#### Record excerpts
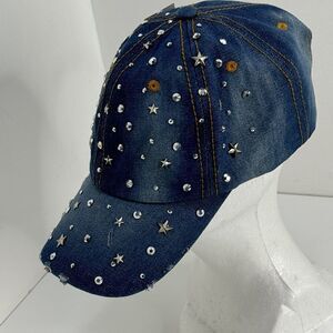 New Bling Hat Fun Western Rhinestone Baseball Cap, Bejeweled Distressed Stars
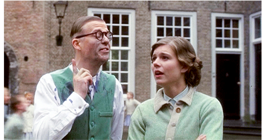 ピチェのクラスにヨゼフが来て「文法」を教えている。「Ik ga naar school(学校に行きます)。時制は何だ〔Welke tijd is dat〕?」〔“Welke tijd is dat” は「何時だ?」という意味にも受け取れる〕。ピチェの親友が、「9時半です、先生」と答え、生徒たちは笑い、ヨゼフはチョークを折る。次の女生徒は、正しく、「現在形です、先生」と答える。「これはどうだ? Ik ging naar school(学校に行きました)」。ピチェのもう一人の友達。「えーと、過去形?」。「これはどうだ、Ik ben naar school gegaan(学校に行ってきました)」。その時、ヨゼフはよそ見をしているピチェに気付く。そして、「ピチェ!」と大声で呼び、「先生は、何て言った?」と訊く。「どこで?」。「今、ここでに決まっとる! 耳が ついてるのか?」。ピチェは耳を触ってみる(1枚目の写真)。「私は、何て言った?」。「『耳が ついてるのか?』って言ったよ」〔ある意味では、正しい答え〕。怒ったヨゼフは、つかつかと歩み寄ると、ピチェの耳をつかみ、「お前は、つんぼか?!」と大声で怒鳴る。「耳がボーンとしちゃった」。「私は、何て言った?」。「分かんない」。「お前は机で寝てたからな」〔寝てなどいない〕。「Ik ben naar school gegaan(学校に行ってきました)、時制は何だ?」〔同じく、「どんな時間だ?」という意味にも受け取れる〕(2枚目の写真)。ピチェは、自分の感じた通りに、「無駄な時間〔Verprutste tijd〕?」と恐る恐る答える(3枚目の写真)。間違った答えだが、ある意味では正解になっていて、実に傑作だ。生徒たちは笑い、完全に怒ったヨゼフは、「学校に居残り、書き取り100行」と申し渡す。
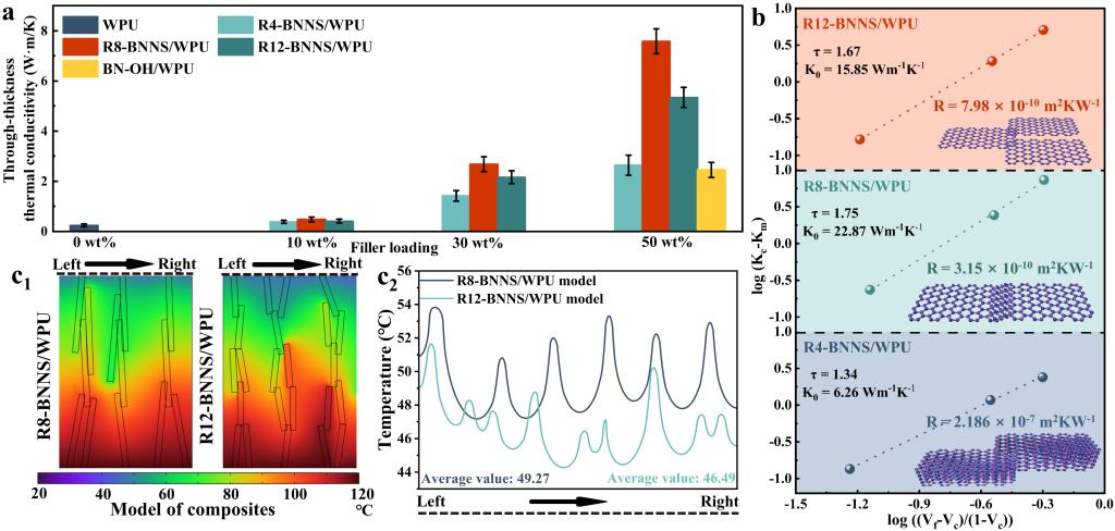 磷化工团队通过碱辅助水热处理与高速剪切相结合,实现了2.54 nm厚度氮化硼纳米片(BNNS)的规模化高产率(65%)剥离。同时,成功在氮化硼纳米片引入羟基官能团,使其适用于水性聚氨酯(WPU)中,制备了导热柔性薄膜,在50 wt%的BNNS添加量下导热率提高了30倍,达到了7.58 W/m·K的垂直方向导热率。该薄膜表现出优异热稳定性、拉伸强度和火安全性能,可被用作大功率LED的热界面材料,对比商用硅脂表现出更好的热管理能力。结合Comsol仿真导热模拟和Foygel理论计算,重点研究了不同大小、厚度BNNS之间的界面热阻,揭示了BNNS导热增强的尺寸相关性。该研究为可控氮化硼纳米片的剥离和高效热管理复合材料的设计提供了新的方法和理论指导。
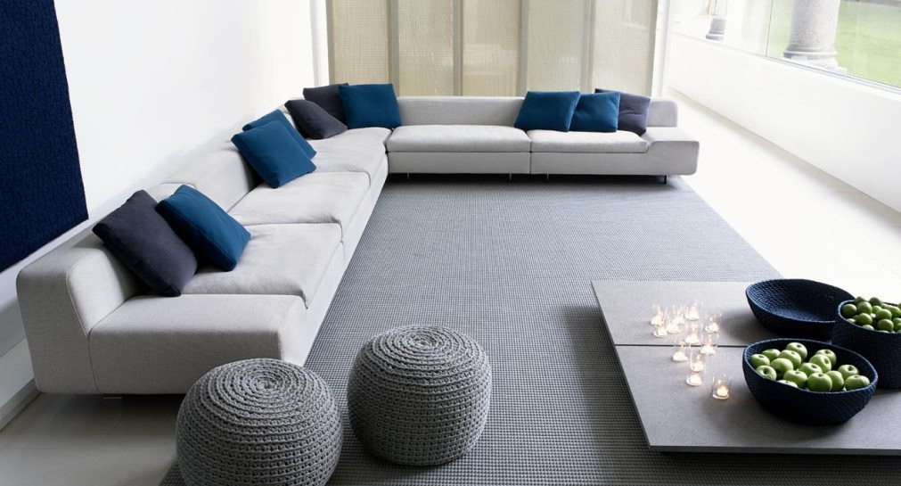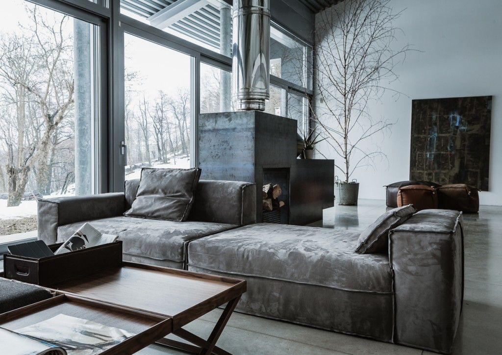 Para os amantes de experimentos em sala de estar Dois sofás estão instalados: um é cinza e o outro é branco, preto ou marrom. Variedade e exclusividade são garantidas.
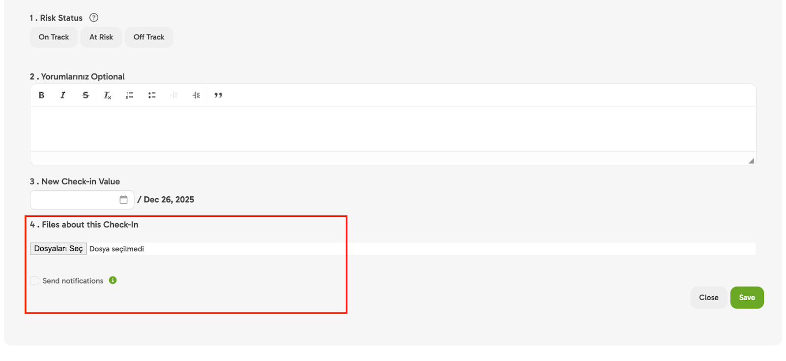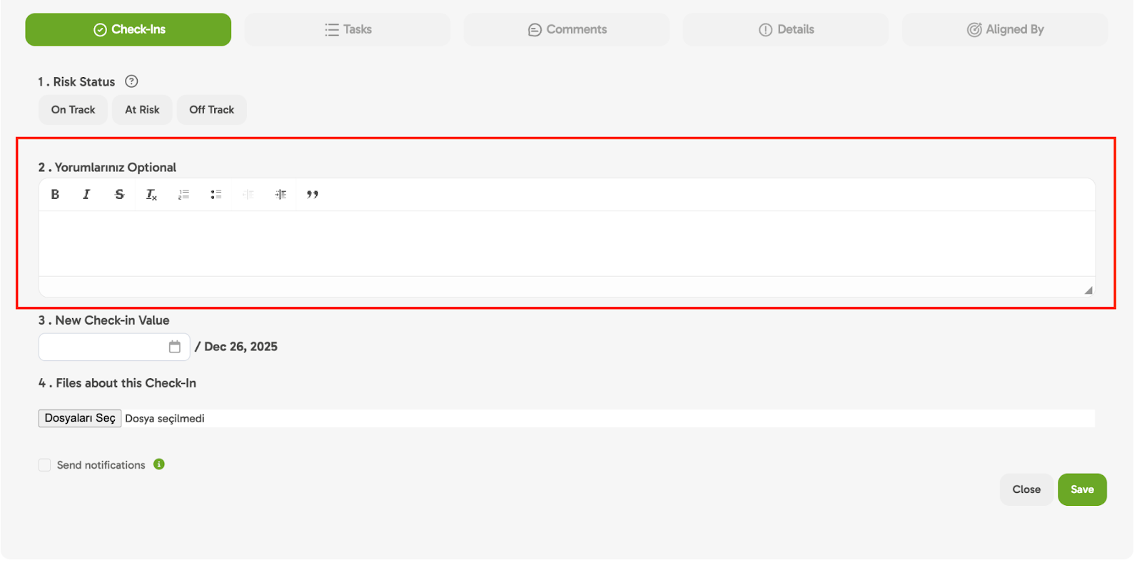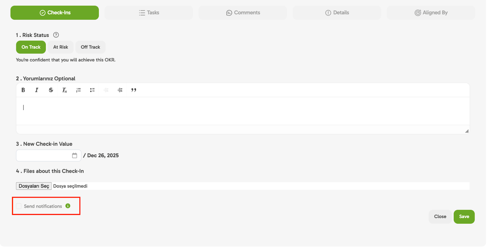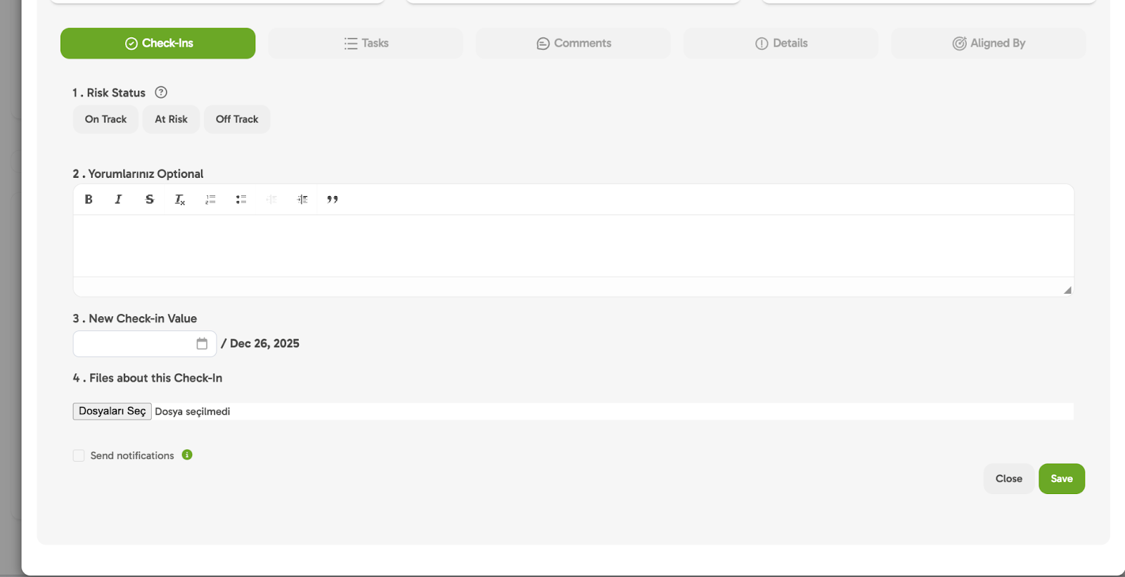 📊 Indicators like Total Progress and Goal Risk Status in the system are calculated based on these Check-Ins.
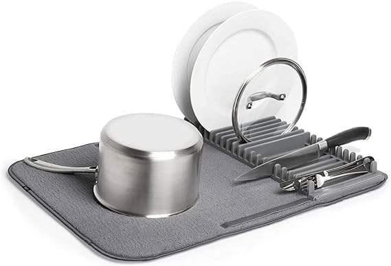 Shoping now - Dish Drying Mat, Dish Rack Organizer with Removable Tray,Rack and Microfiber Dish Drying Mat, for Kitchen Countertop, Sink - Drain and Dry Wine Glasses, Bowls, Dishes, GreyMAT with STAND
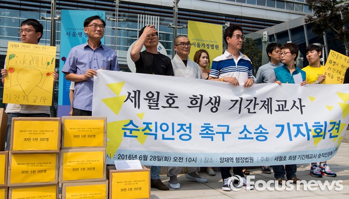 (서울=포커스뉴스) 28일 오전 서울행정법원 앞에서 세월호 희생 기간제교사 순직인정촉구대책위 회원들이 순직 인정 촉구 소송 기자회견을 갖고 있다.
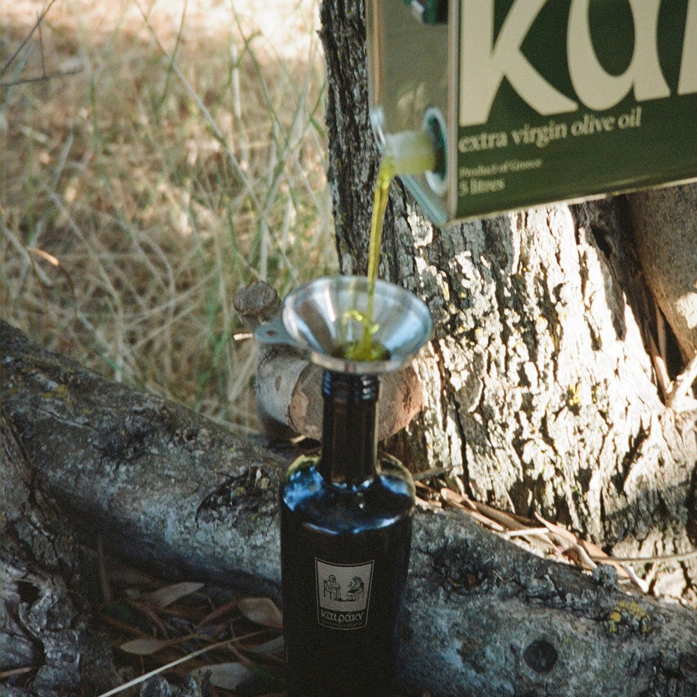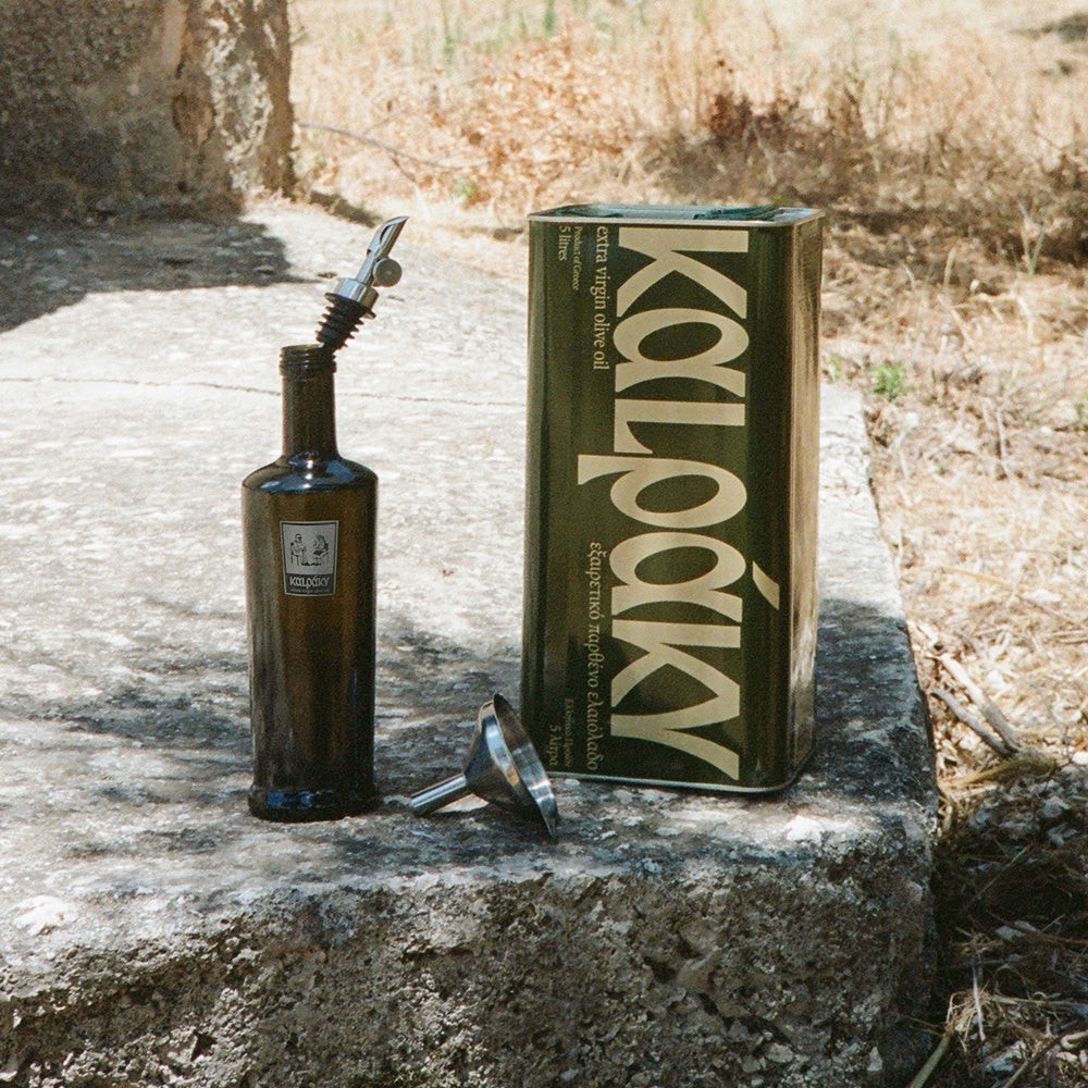 Remove the spout and insert the funnel. Refill with Kalpáky’s extra virgin olive oil from the tin. Remove the funnel and re-insert the spout.
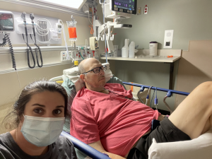 When we arrived Lisa blew Chris a kiss at the back of the ambulance, handed him his phone so we could stay in touch, told him she loved him as the medics wheeled Chris in the ER and Lisa headed to the front waiting room. There was tears with uncertainty in the front waiting room; thankful for the people who prayed with Lisa. Chris had his phone so he texted when he was awake to help ease Lisa’s fears. Due to his cancer diagnosis and current infusion treatment he was put in a private ER room. After a few hours Lisa joined him. So thankful to get to be together! So thankful to get to hold his hand! Thankful to be able to read the monitor to check on him. Throughout the night there were ultra sounds of his legs, feet, lungs, and heart. Cardiac doctors came in to inform us the fluid in the lungs from the clots were putting pressure on the right side of his heart. Oncologist team came to tell us the clots in lungs were bigger despite the blood thinner he had been on. The night turned into morning.
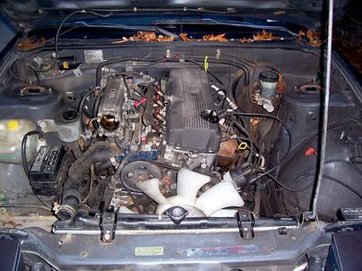 (Whats Going In) Interior: custom radio relocation Ichibahn shift boot "NISMO style" suede steering wheel HKB steering wheel hub NETAMI quick release Exterior: Chuki front bumper JDM kouki 180SX tail lights JDM power folding mirrors JDM 180SX side markers lifted hood Engine: KA24DE swap (early '95) cold air intake custom Falcon 6 puck clutch kit ACT clutch bearing A/C removal aftermarket dual tipped muffler NISMO motor mounts NISMO tranny mount B&M short shifter [/b]Suspension: Tein S-tech springs Tein tie rods (inner and outter) KYB GR-2 gas shock/struts front strut tower bar rear strut tower bar In Car Electronics: Eclipse CD8443 radio Pioneer 4x6 fronts JBL 4x6 rears custom 5" screen setup Quote:
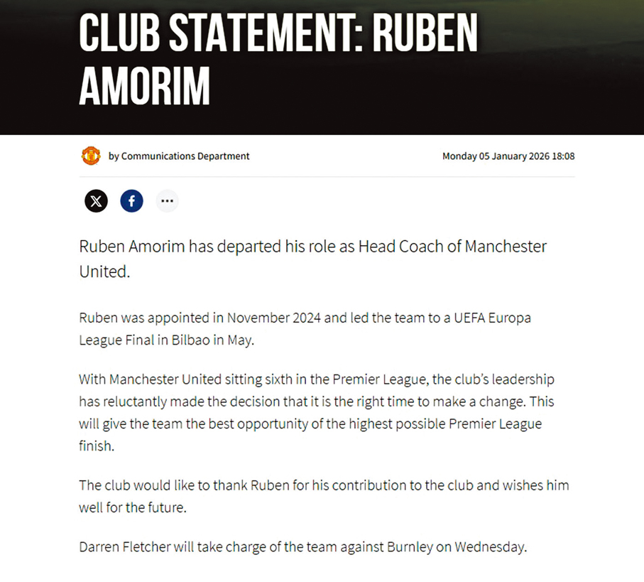曼聯在新一年首場英超賽事延續近期頹勢,作客以1:1 僅和列斯聯,近五場聯賽第四度失分。除了主帥艾摩廉的排陣惹人非議,他賽後的言論明顯與管理層關係惡化,而曼聯亦於昨晚宣布辭退這位葡萄牙籍主帥。
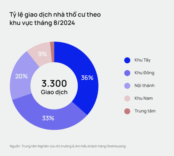 Cụ thể, trong tháng Ngâu (tháng 7 m lịch) năm 2024, thị trường bất động sản thổ cư ghi nhận khoảng 3.300 giao dịch. Con số này chỉ giảm nhẹ so với các tháng trước đó, cho thấy giao dịch vẫn diễn ra rất sôi động mặc dù tháng Ngâu thường là thời điểm giao dịch kém theo quan niệm chung của người Việt.Xét về khu vực, khu Tây (Cầu Giấy, Nam Từ Liêm, Bắc Từ Liêm, Hà Đông) dẫn đầu thị trường với khoảng 1.200 giao dịch, chiếm 36% thị phần, tiếp theo là khu Đông (Gia Lâm, Long Biên) với khoảng 1.100 giao dịch, chiếm 33% thị phần.
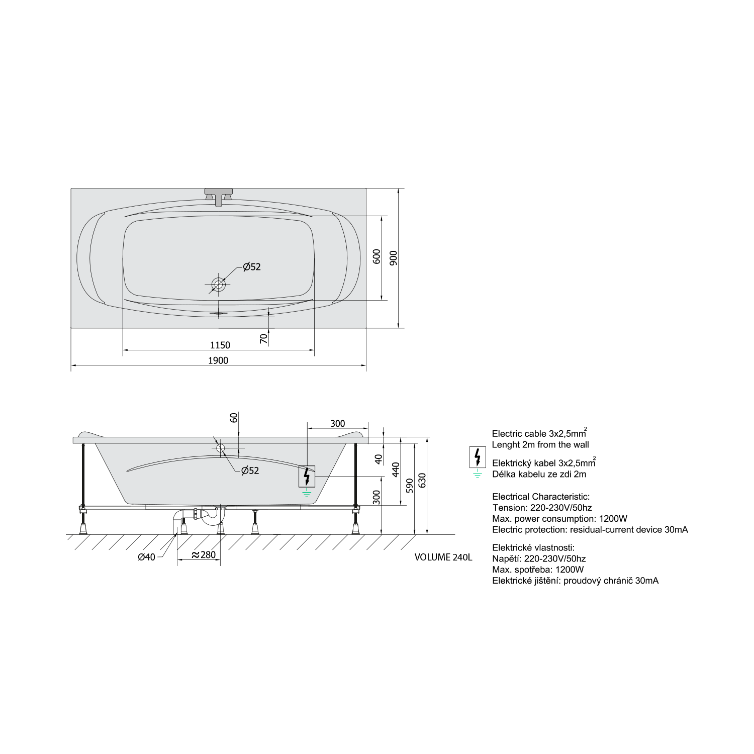 POLYSAN GARDA kád, Attraction Hydro, 190x90x44cm, króm (14111.3010)
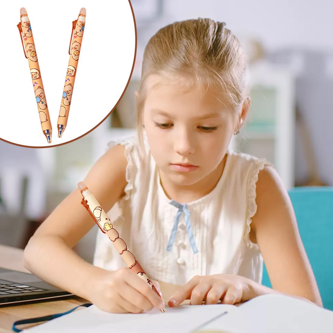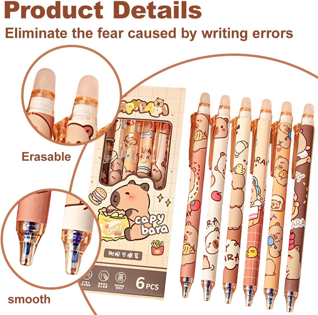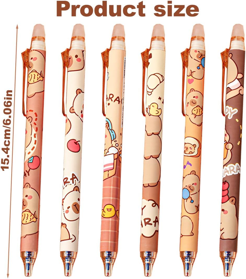 Elimina la paura degli errori: Grazie all'inchiostro termosensibile blu, puoi correggere facilmente gli errori utilizzando la sfera alla fine della penna. La sfera non si consuma come le gomme tradizionali, non danneggia la superficie e cancella perfettamente. Nota: Non utilizzare questa penna cancellabile per documenti ufficiali importanti come contratti o esami Dimensioni pratiche e versatilità: Con un diametro della mina di 0,5 mm e un'altezza di 14 cm, questa penna gel cancellabile è ideale per destrimani e mancini. Perfetta per scrivere con precisione e comodità, si adatta a ogni esigenza di scrittura quotidiana Scrittura morbida e confortevole: La zona di presa gommata garantisce una posizione di scrittura comoda e precisa. La penna a sfera offre una sensazione di scrittura fluida e piacevole, ideale per imparare a scrivere o per sessioni di scrittura prolungate Design adorabile e unico: Penna kawaii con cappuccio a forma di animale, ispirata al capibara in 6 pose diverse. I motivi di cartone animato sono amati dai bambini e rendono questa penna un accessorio divertente e originale per la scuola o il tempo libero Regalo perfetto per studenti e bambini: Questa penna cancellabile è un'idea regalo ideale per occasioni come Natale, compleanni, Pasqua, Halloween e altro. Perfetta per prendere appunti, fare i compiti, disegnare e firmare, può essere utilizzata a scuola, in ufficio o a casa

#### What you will do
Whatever pictures the records hold, omit them; give again exactly the lines from the one containing "ピチェのクラスにヨゼフが来て「文法」を教えている。「Ik ga naar" through the one containing "(서울=포커스뉴스) 28일 오전".

#### Reply
 ピチェのクラスにヨゼフが来て「文法」を教えている。「Ik ga naar school(学校に行きます)。時制は何だ〔Welke tijd is dat〕?」〔“Welke tijd is dat” は「何時だ?」という意味にも受け取れる〕。ピチェの親友が、「9時半です、先生」と答え、生徒たちは笑い、ヨゼフはチョークを折る。次の女生徒は、正しく、「現在形です、先生」と答える。「これはどうだ? Ik ging naar school(学校に行きました)」。ピチェのもう一人の友達。「えーと、過去形?」。「これはどうだ、Ik ben naar school gegaan(学校に行ってきました)」。その時、ヨゼフはよそ見をしているピチェに気付く。そして、「ピチェ!」と大声で呼び、「先生は、何て言った?」と訊く。「どこで?」。「今、ここでに決まっとる! 耳が ついてるのか?」。ピチェは耳を触ってみる(1枚目の写真)。「私は、何て言った?」。「『耳が ついてるのか?』って言ったよ」〔ある意味では、正しい答え〕。怒ったヨゼフは、つかつかと歩み寄ると、ピチェの耳をつかみ、「お前は、つんぼか?!」と大声で怒鳴る。「耳がボーンとしちゃった」。「私は、何て言った?」。「分かんない」。「お前は机で寝てたからな」〔寝てなどいない〕。「Ik ben naar school gegaan(学校に行ってきました)、時制は何だ?」〔同じく、「どんな時間だ?」という意味にも受け取れる〕(2枚目の写真)。ピチェは、自分の感じた通りに、「無駄な時間〔Verprutste tijd〕?」と恐る恐る答える(3枚目の写真)。間違った答えだが、ある意味では正解になっていて、実に傑作だ。生徒たちは笑い、完全に怒ったヨゼフは、「学校に居残り、書き取り100行」と申し渡す。
 磷化工团队通过碱辅助水热处理与高速剪切相结合,实现了2.54 nm厚度氮化硼纳米片(BNNS)的规模化高产率(65%)剥离。同时,成功在氮化硼纳米片引入羟基官能团,使其适用于水性聚氨酯(WPU)中,制备了导热柔性薄膜,在50 wt%的BNNS添加量下导热率提高了30倍,达到了7.58 W/m·K的垂直方向导热率。该薄膜表现出优异热稳定性、拉伸强度和火安全性能,可被用作大功率LED的热界面材料,对比商用硅脂表现出更好的热管理能力。结合Comsol仿真导热模拟和Foygel理论计算,重点研究了不同大小、厚度BNNS之间的界面热阻,揭示了BNNS导热增强的尺寸相关性。该研究为可控氮化硼纳米片的剥离和高效热管理复合材料的设计提供了新的方法和理论指导。
 Para os amantes de experimentos em sala de estar Dois sofás estão instalados: um é cinza e o outro é branco, preto ou marrom. Variedade e exclusividade são garantidas.
 📊 Indicators like Total Progress and Goal Risk Status in the system are calculated based on these Check-Ins.
 Shoping now - Dish Drying Mat, Dish Rack Organizer with Removable Tray,Rack and Microfiber Dish Drying Mat, for Kitchen Countertop, Sink - Drain and Dry Wine Glasses, Bowls, Dishes, GreyMAT with STAND
 (서울=포커스뉴스) 28일 오전 서울행정법원 앞에서 세월호 희생 기간제교사 순직인정촉구대책위 회원들이 순직 인정 촉구 소송 기자회견을 갖고 있다.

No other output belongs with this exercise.